The story broke last Friday evening, after I uploaded two HSBC ‘information reports’ pertaining to the Prime Minister’s chief of staff, Keith Schembri, and his managing director at Kasco Ltd, Malcolm Scerri. These were character references addressed to Brian Tonna’s company, BTI Management Ltd, which Tonna then used to secure changes to the companies which these two individuals already held secretly in the British Virgin Islands.
Minutes after I uploaded PDFs of the bank documents, current employees of HSBC Bank Malta and former senior staff contacted me privately to point out that the documents, both purportedly issued by HSBC’s Attard branch, are dated May 2013 – but that branch had closed in February the year before. They also said that in May 2013, the bank had already ceased issuing information reports like those from individual branches, but had centralised them at the main office.

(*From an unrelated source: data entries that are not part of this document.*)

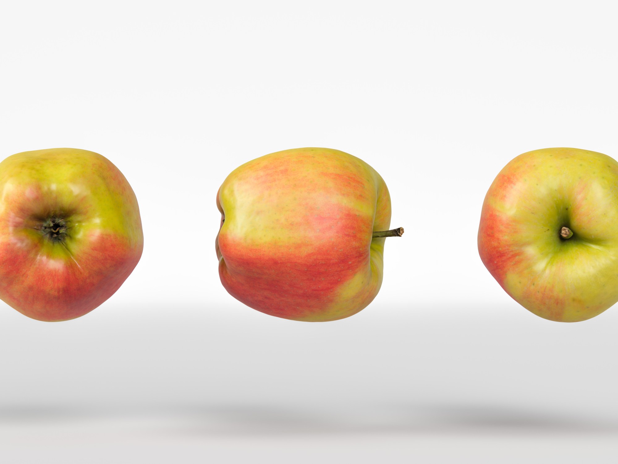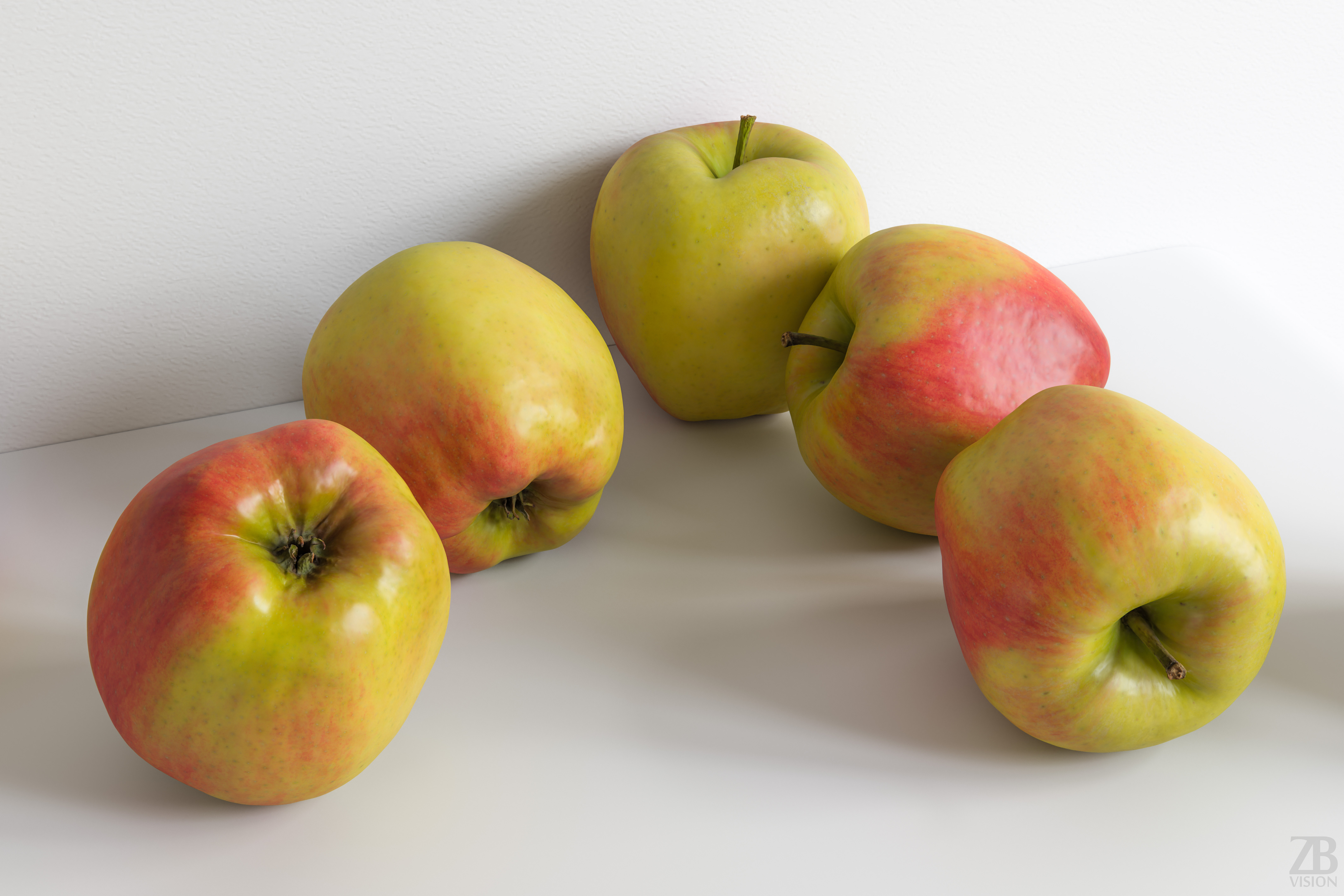 The apple model is presented as a single mesh in 3 subdivision levels: low, mid, and high. Meshes are quad based. The polycounts are 8K, 130K, and 2088K. The high-detail model is included in .max, .fbx, and .obj formats.
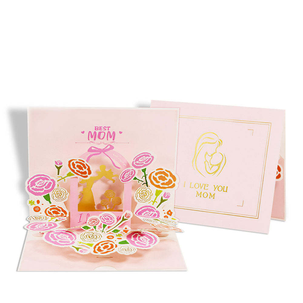 Mother's Day Card Pink Flower 3D Pop Up Greeting Card for Her
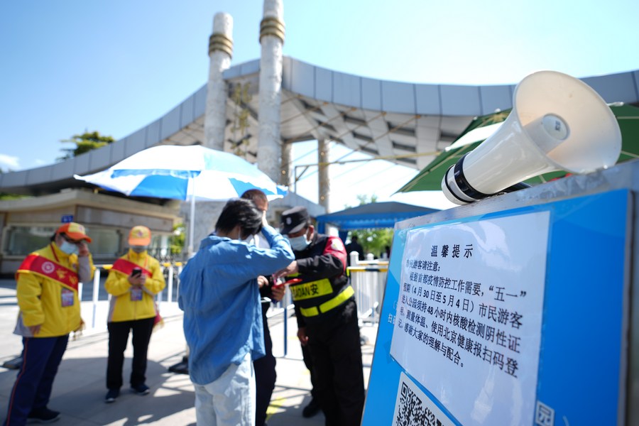 A notice is seen showing that a negative nucleic acid test result within 48 hours is required to enter the Longtan Park during the Labor Day holiday in Beijing, capital of China, April 30, 2022. (Xinhua/Ju Huanzong)
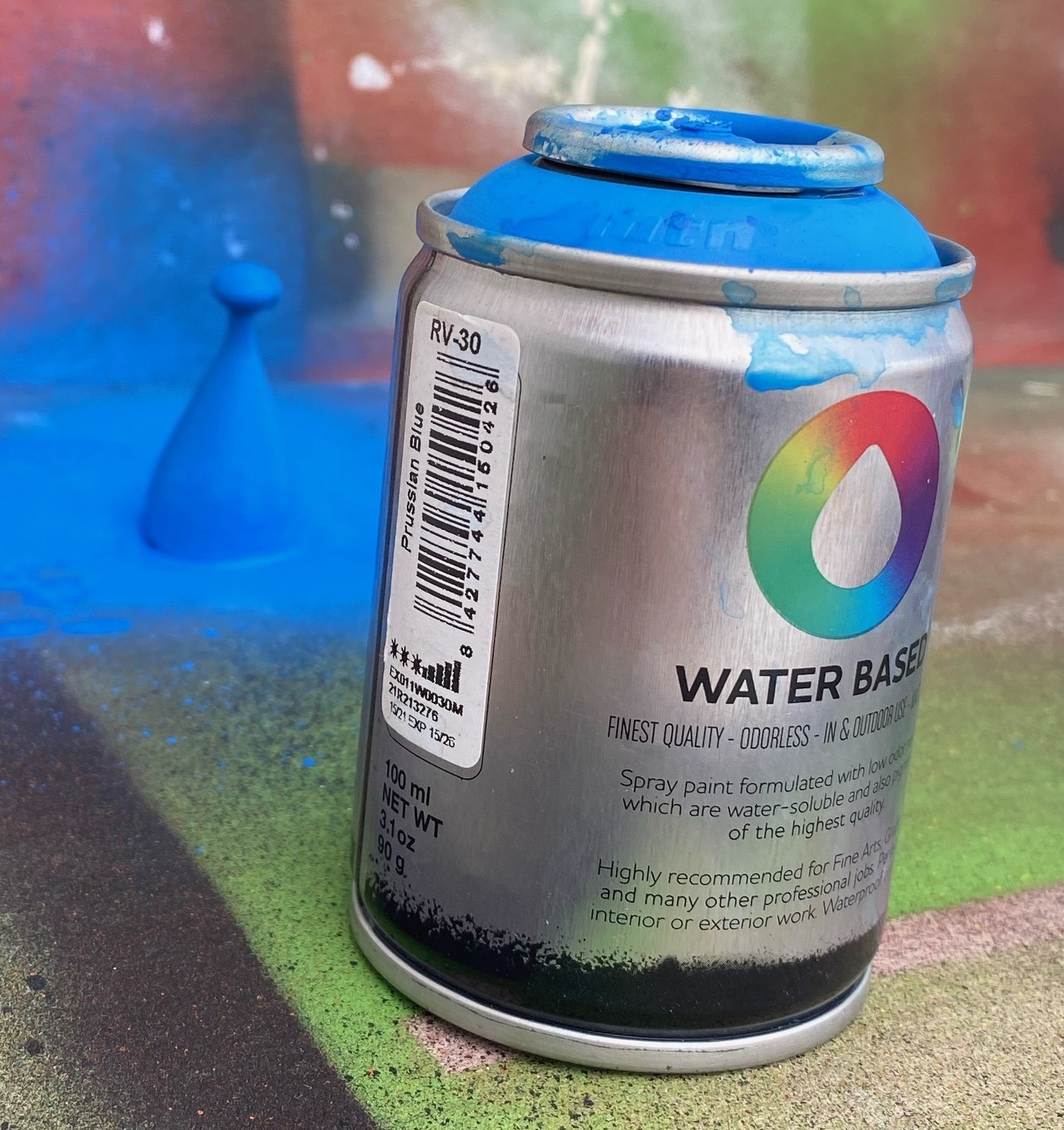(Photo du pion peint avec la bombe de peinture qui a servi, référence peinture: MTN Water Based Paint - Bleu de Prusse (Prussian Blue) - RV - 30)
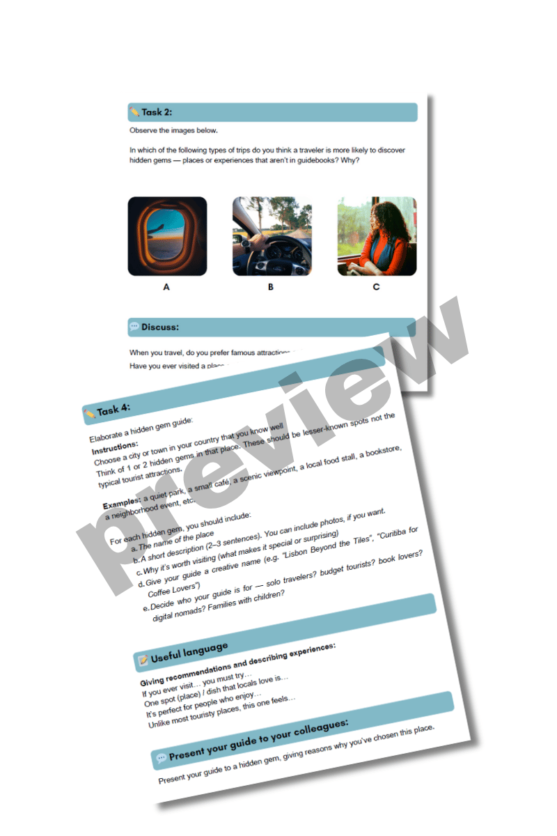 - Creative speaking/writing task: students create their own “Hidden Gem Guide” with audience targeting and recommendations
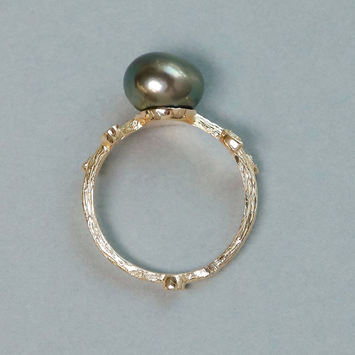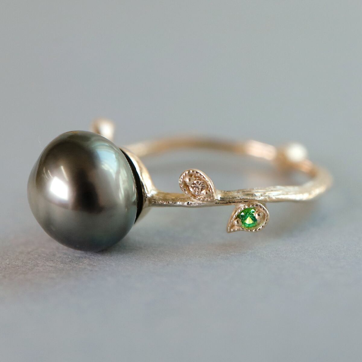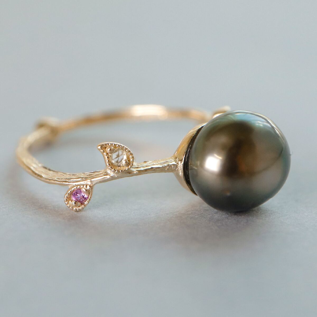 〈No.2〉K10YG ナンヨウパール/アメジスト/ローズカットダイヤ/ブラウンダイヤ/グリーンガーネット リング
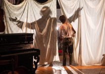 Sans véritable paroles (hormis quelques grommellements dans une langue mêlant italien et borborygmes), Sono io ? et son atmosphère italianisante (ligne qui sèche, tendu sur des fils, couleurs et matières qu’on pourrait rapprocher de l’arte povera, tribut général payé à la commedia dell’arte) livre également d’impressionnantes scènes d’acrobatie, à la sangle ou avec une contrebasse, avant de se terminer dans une très belle émotion, simplement née de l’envol d’un ballon rouge. Et ce fut alors qu’on reconnut être beaucoup plus touché que ce qu’on avait imaginé.
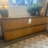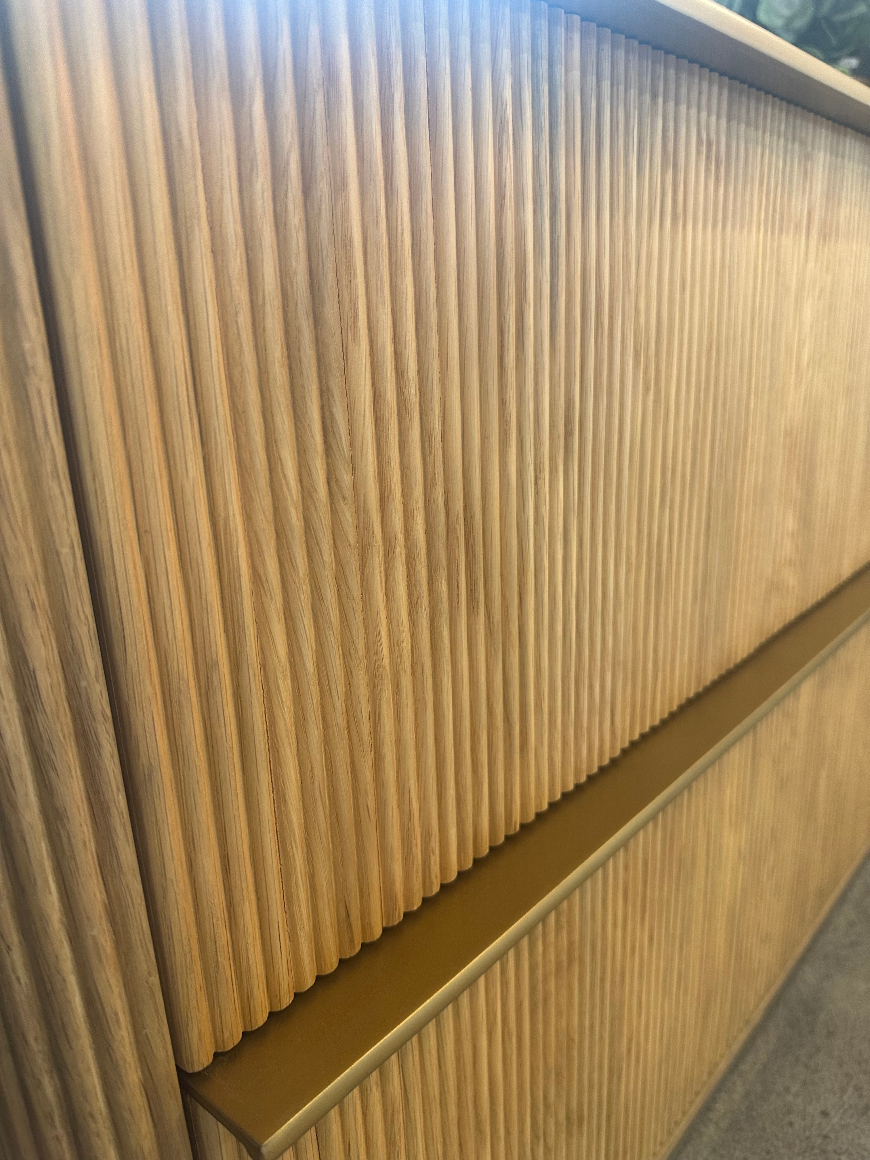 The Kaia Dresser harmoniously combines form and function. Boasting a rustic oak veneer with vertical reeding, the dresser is elevated by a gold steel base. Being a natural material, wood may have variations in texture, indentations, cracks, colour, grain, knots, and burls, adding unique character to each piece.
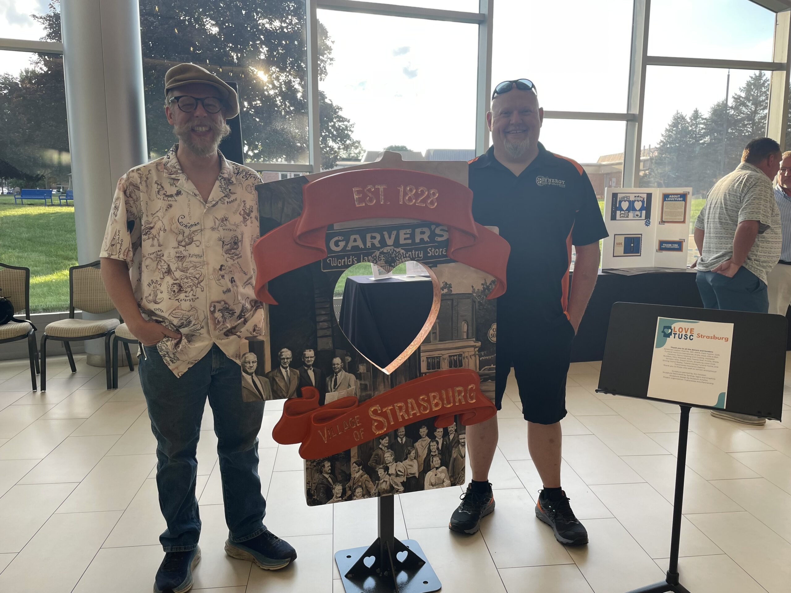 - Synergy Signs owner Jim Dawson and employee Dave McDowell with the sculpture the team created for the Village of Strasburg.
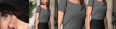 3.5 oz., 100% combed and ring-spun liquid cotton; 40 singles; Optimal stretch and recovery; Fashion fit; Side seams; U-neck; Scalloped hem; Loose fit; Tear-away label; Made in a W.R.A.P. certified factory;
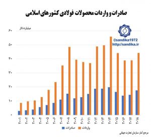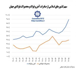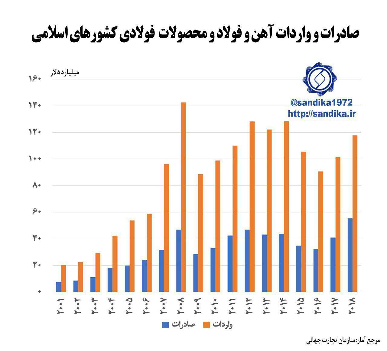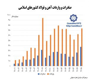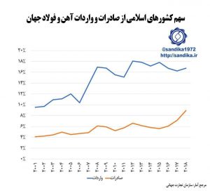 سهم کشورهای اسلامی از صادرات و واردات آهن و فولاد جهان (۱۸-۲۰۰۱ میلادی) |
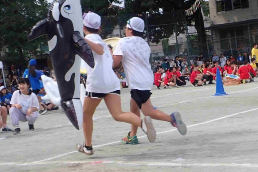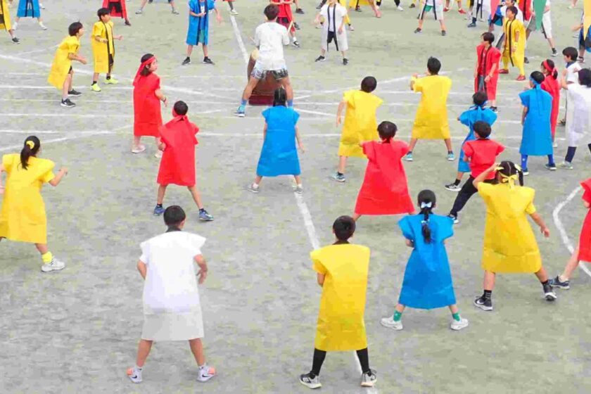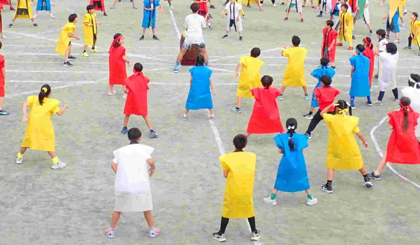 このテーマで、6年生の実行委員長はじめ実行委員の子ども達が、みんなが楽しめる運動会を考えました。特に、全校種目の「コロコロ4色」は、毎日、実行委員の子ども達が話し合って、競技内容を決めました。
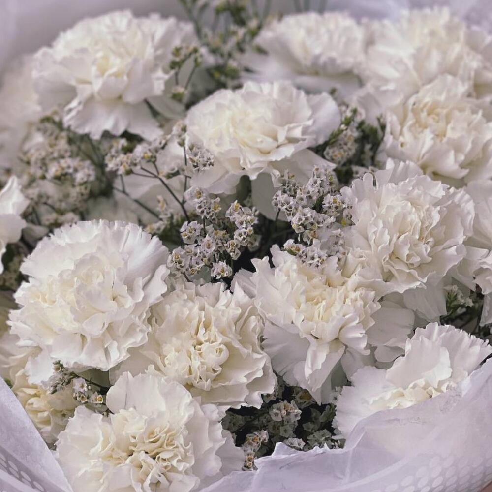 Букет из белых диантусов с лимониумом
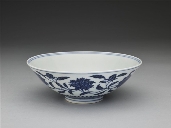 侈口,淺壁,矮圈足。外壁畫纏枝番蓮花六朵,底邊畫蓮瓣紋一周,口足間加飾青線六道。碗內底心畫葵花一朵,邊加雙線,周壁純白無紋飾。底有青花書「大明宣德年製」二行六字楷款,外加雙圈。
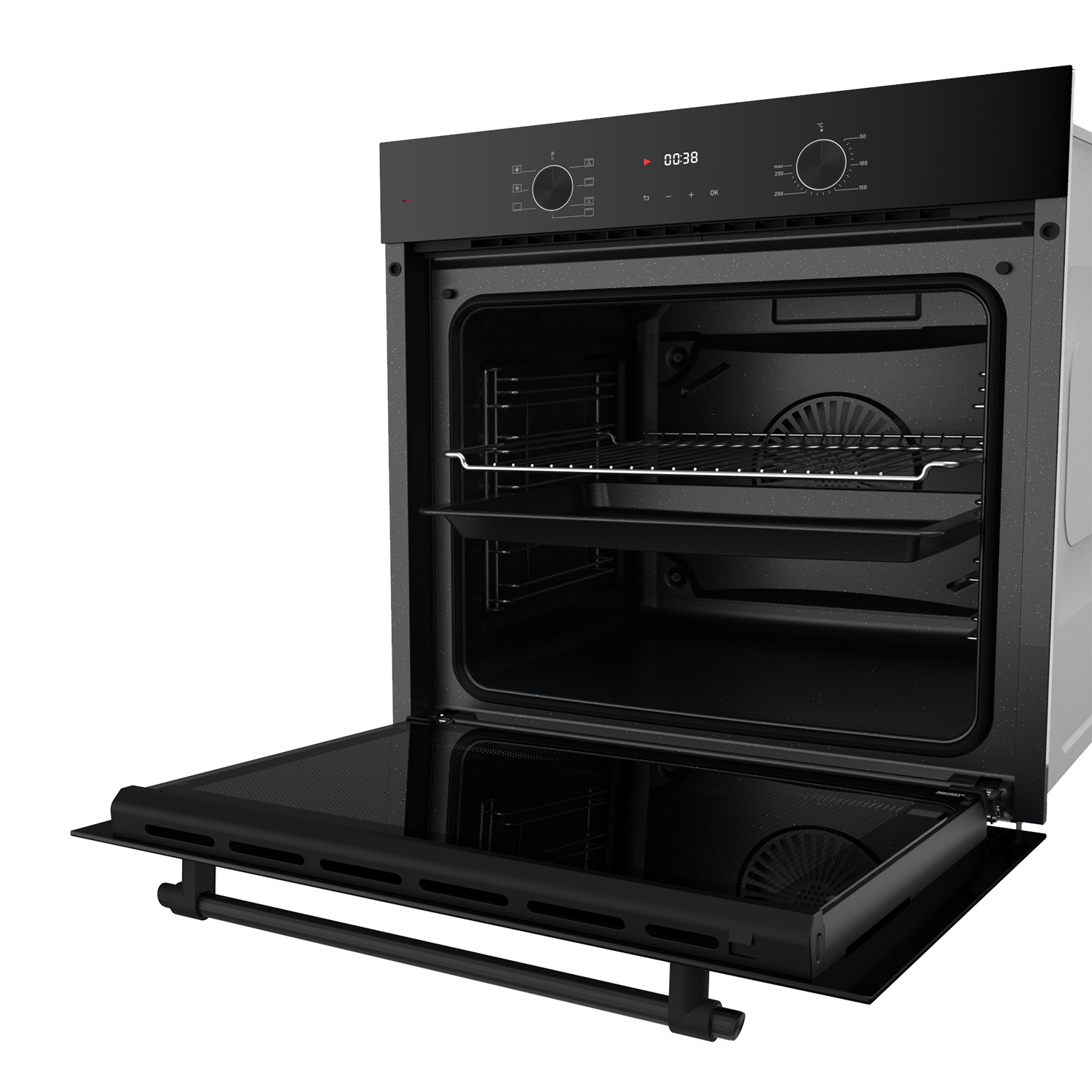 Духовой шкаф относится к серии MAX, основная особенность которой — увеличенный объем рабочей камеры (78 литров). Кроме того, эти модели имеют утапливаемые ручки управления, а в дверце установлено стекло немецкого бренда SCHOTT.

One former senior executive told me: “Those documents are clearly forged.” When the story broke, the bank’s executive offices were already closed for the weekend, and press questions this morning were directed to the bank’s public relations handlers, BPC International, with the sole response given being that the bank does not give information about clients.
A source at senior level, however, confirmed that the inquiry began at once and that it is being taken very seriously.
Forging bank documents is a crime. Forgery by a member of a warrant-holding profession can lead to the loss of that warrant, and when forgery is committed by a public officer, it can lead to interdiction.
There will be no prosecution, however, unless the bank makes a formal report to the police.